Cover of The Teleportation Accident

Author: Beauman, Ned

Tags: humor, science fiction, detective

Timeline: between Saturday, February 14, 2026 and Monday, February 16, 2026

Woodkin's diction was so gracefully servile that it didn't sound like he was speaking out loud so much as just drawing your attention to a particular combination of semantic units that he wondered if you might find appealing.

I am on a Ned Beauman jag because I enjoyed Lumpfish so much that I had to try out his other published works.

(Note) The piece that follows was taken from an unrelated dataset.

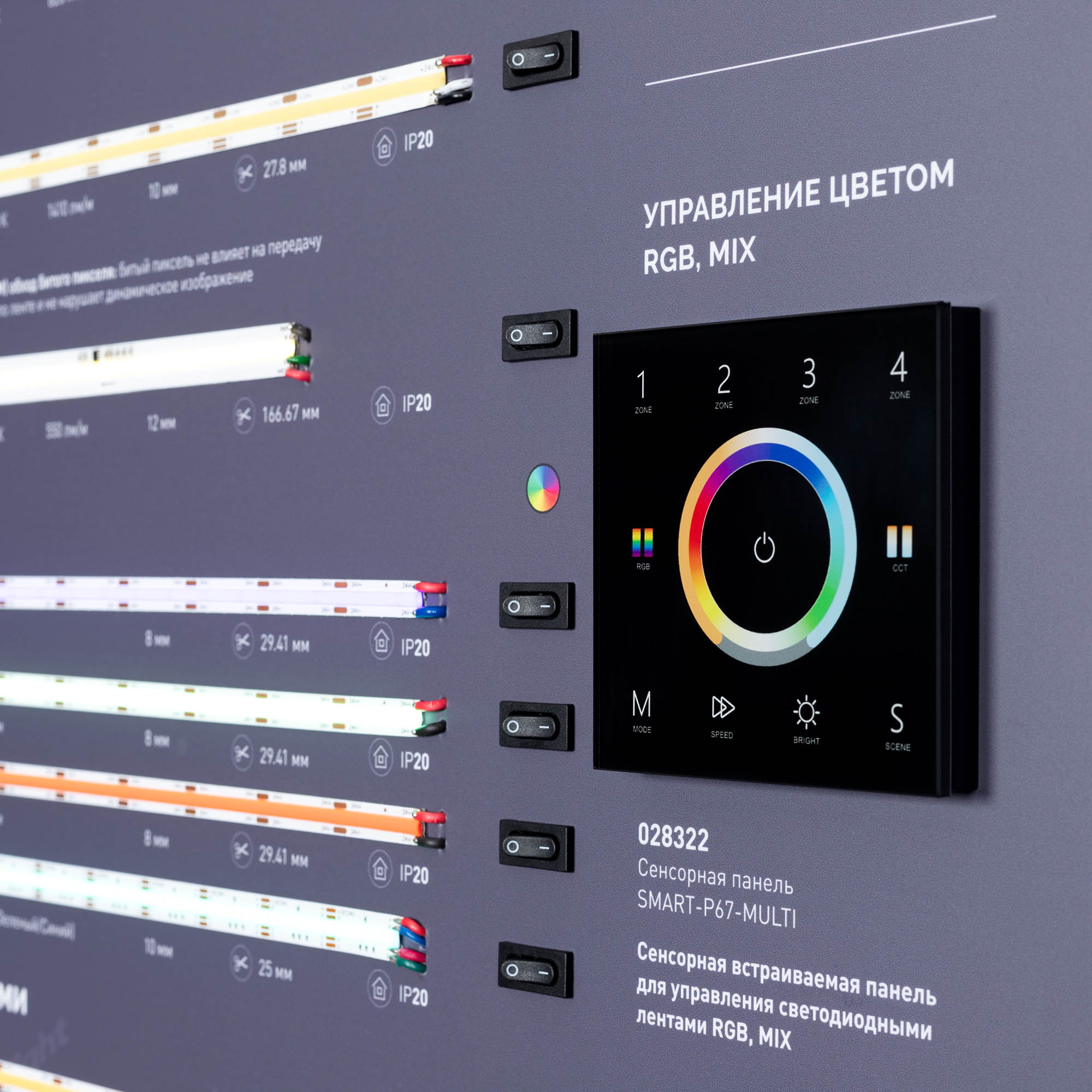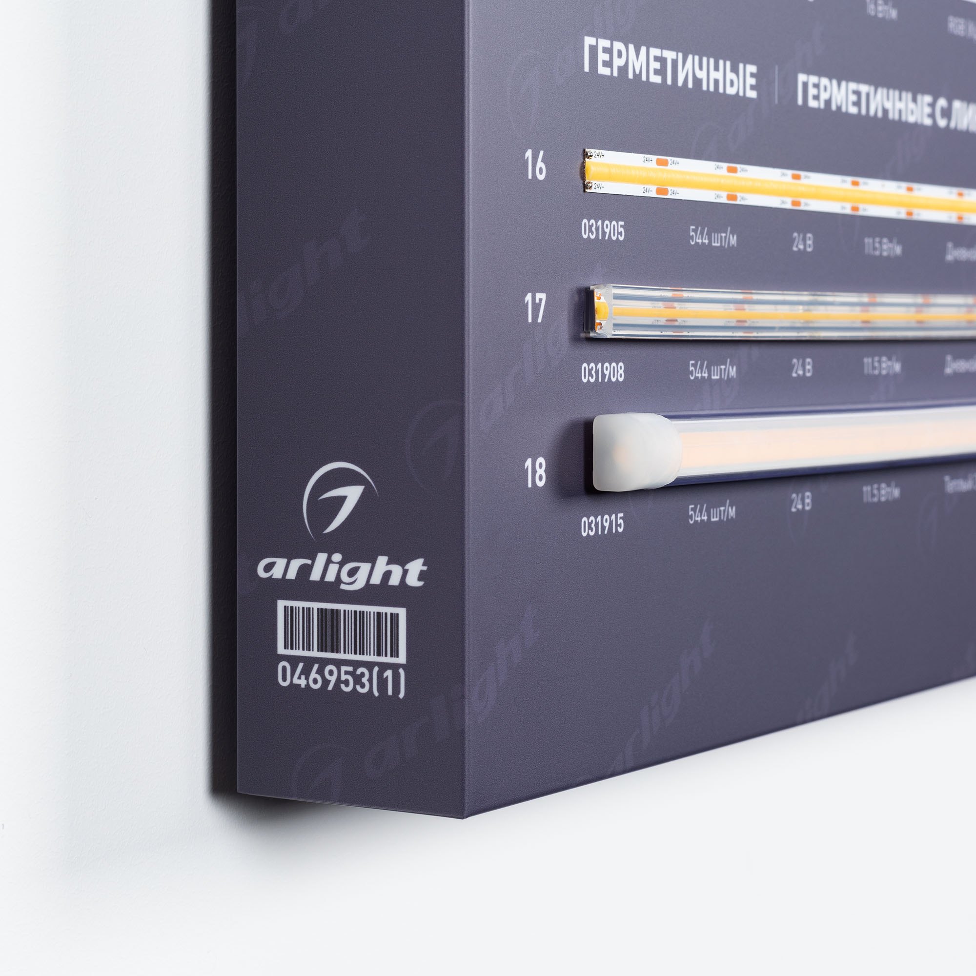 На стенде представлены ленты для создания основного и декоративного освещения: с высокой плотностью светодиодов, СОВ (без видимых светодиодов), ленты бокового свечения.

The novel begins in 1931 Berlin and it has as its protagonist a young man, Egon Loeser, a wealthy, german intellectual and theatre set designer. Egon’s biggest problem is that simply can not “get laid”, such that early on in the story he believes that he had a “near miss” with an attractive young lady, Adele Hitler, and he spends the remainder of the novel pursuing her, in the process emigrating first to Paris and then to Los Angeles. His non-sexual obsession is to develop a theatrical “teleportation device”, that is to say a “prop” with special effects to “teleport” actors to different areas of the stage during a play. The device is in homage to his idol, a famous set designer, Lavancini who, in 1679, somehow blew up a theatre, killing 25 people, during a play which for the first time included a teleportation device.

This is weird book that I would compare to “The Big Lebowski” in that Loeser is very quirky and clueless, for example, he is terrified of riding in anything but a tram, but he comes to LA(!) and attempts at first to get around on foot. While he does not identify as a “detective” he is, throughout the book, trying to find his “damsel”, Adele. Of course he runs into people who thwart his quest and in at least a couple of cases the situations he encounters are hilarious. Much of the book is concurrent with World War II and Egon keeps encountering Jewish refugees, prior “friends”, he thought he left behind in Berlin, all the while Loeser sincerely professes not to know anything about politics.

This book will be for some readers, such as me, hilarious but I gotta figure this is not for everybody.